The example below is a matrix intended for an SQL server service.
- Matrix.1.WMIClassName=Win32_PerfRawData_MSSQLSERVER_SQLServerGeneral Statistics
Preferably the monitoring automation engine can be easily integrated into stand-alone applications. An example of this could be an asset discovery stand-alone application, wherein this application defines all matrix information and passes them to the monitoring automation engine to process. Returned data would be reorganized into other formats and sent back to the central server using specific protocols. A testing tool which can verify validity of matrix scripts and execute monitoring automation engine to poll data remotely could be another example.
As mentioned, an appliance of a monitoring system can comprise a probe having the architecture shown in FIG. 2. In this case, the automation engine would normally be within the appliance.

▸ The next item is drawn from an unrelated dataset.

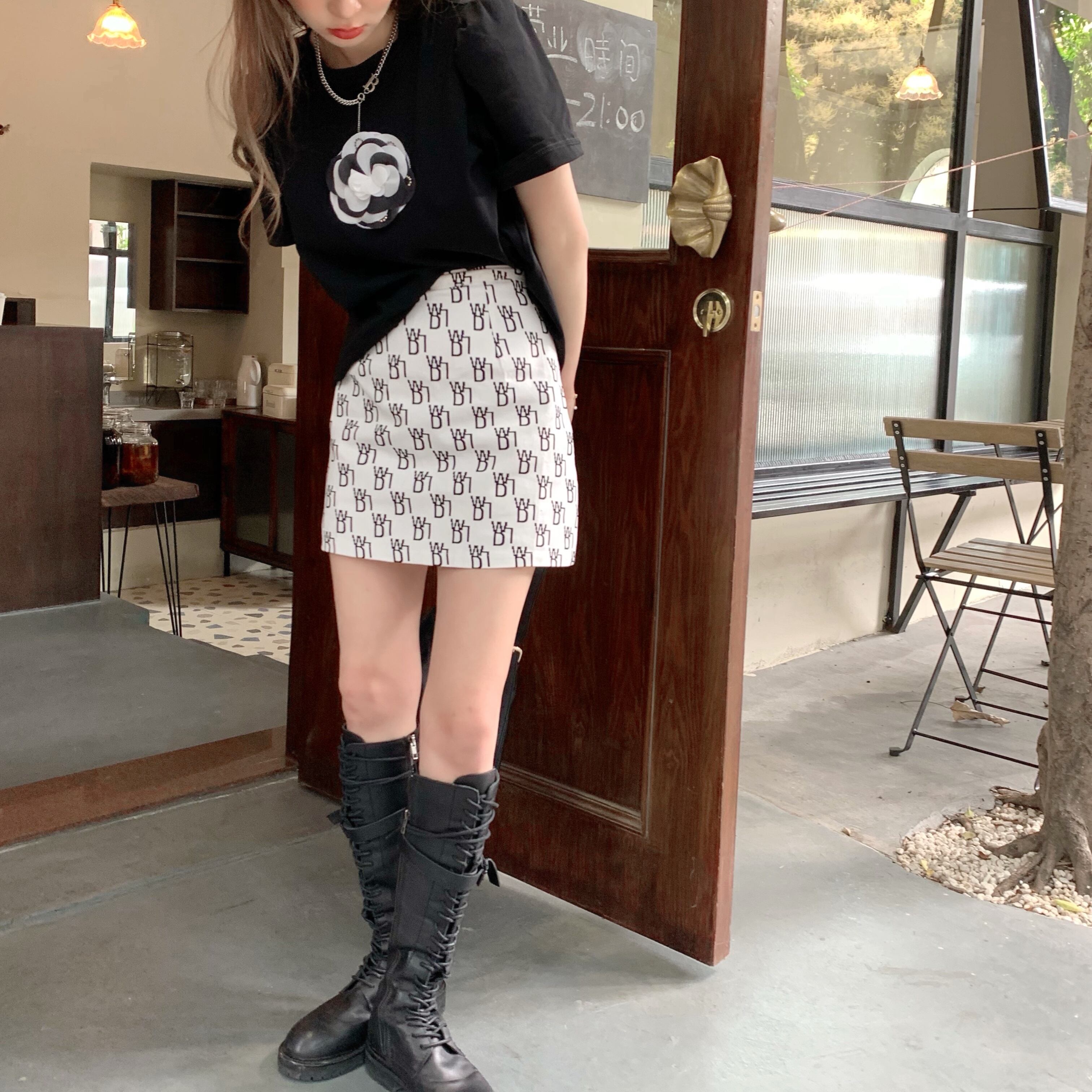 色:ブラックT,ホワイトT,白地に黒のスカート,黒に白いスカート

Custom services (such as services related to application compliance, Microsoft Exchange, SQL, terminal server, Internet Information Server and Internet Security and Acceleration) can be developed based on the monitoring automation engine. Also, one skilled in the art will appreciate the possibility of developing an application that would provide a user friendly interface permitting users to conveniently input matrix scripts and load them into a monitoring system.

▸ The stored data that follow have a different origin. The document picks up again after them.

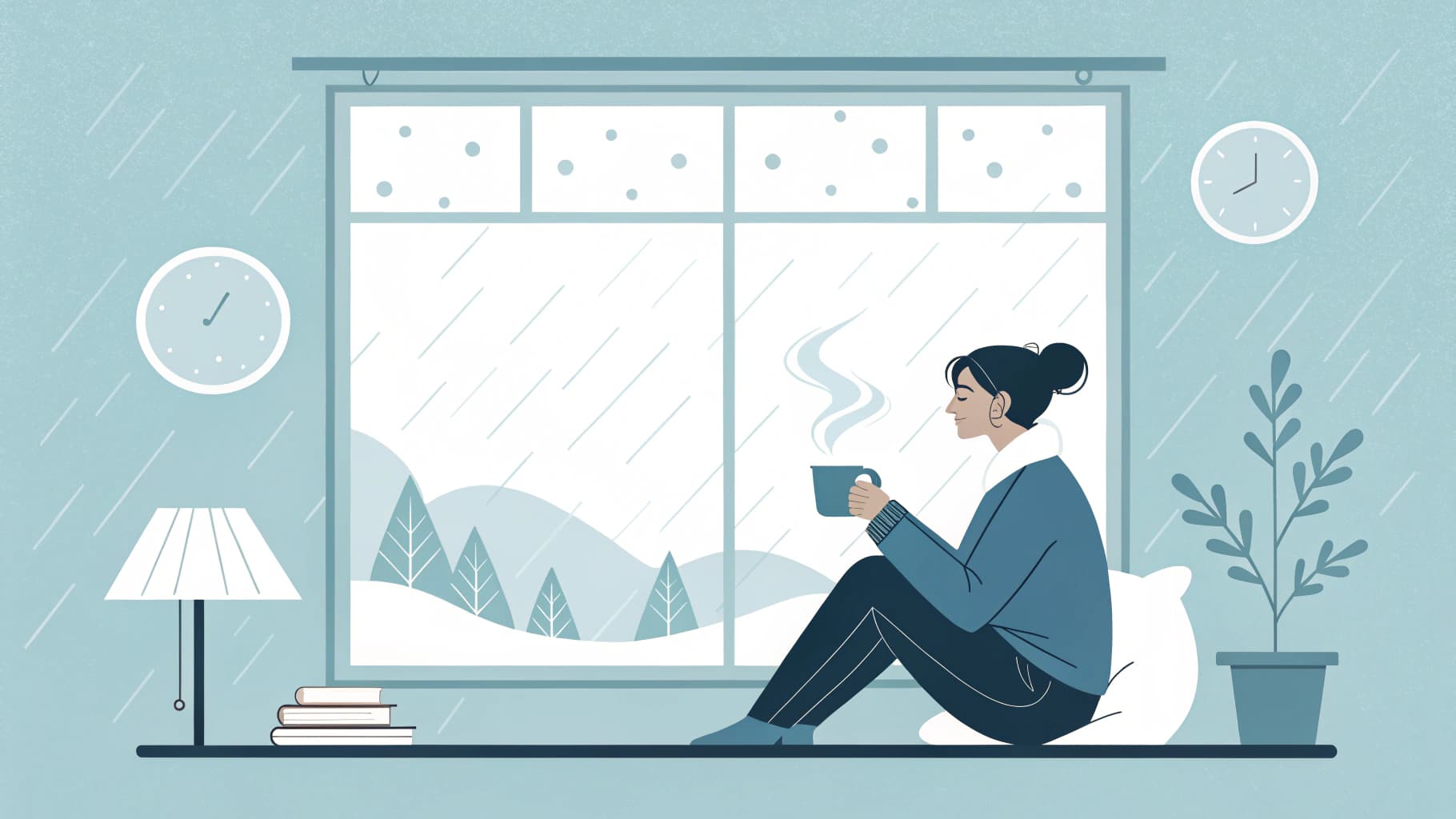 "비 오는 날엔 천천히, 따뜻하게."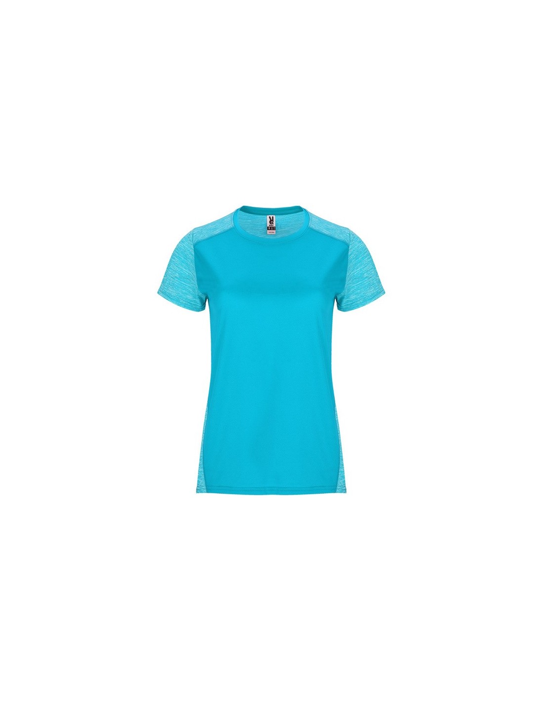 Camiseta técnica de manga corta para mujer, con cuello redondo. Combinado en espalda, hombros y mangas con dos tejidos de poliéster. Tejido principal frontal bird´s eye y tejido space dye en la parte trasera. Patronaje en la espalda ligeramente mas largo.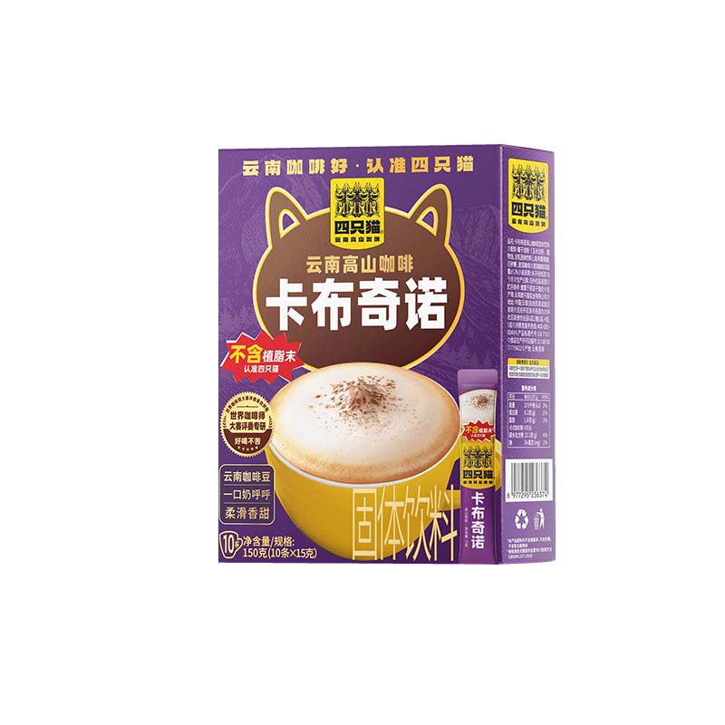 四只猫 云南高山双倍浓郁卡布奇诺云南速溶三合一速溶咖啡粉10条

Thus, it is apparent that there has been provided in accordance with the invention an automation engine and method for providing an abstraction layer that fully satisfies the objects, aims and advantages set forth above. While the invention has been described in conjunction with illustrated embodiments thereof, it is evident that many alternatives, modifications and variations will be apparent to those skilled in the art in light of the foregoing description. Accordingly, it is intended to embrace all such alternatives, modifications and variations as fall within the spirit and broad scope of the invention.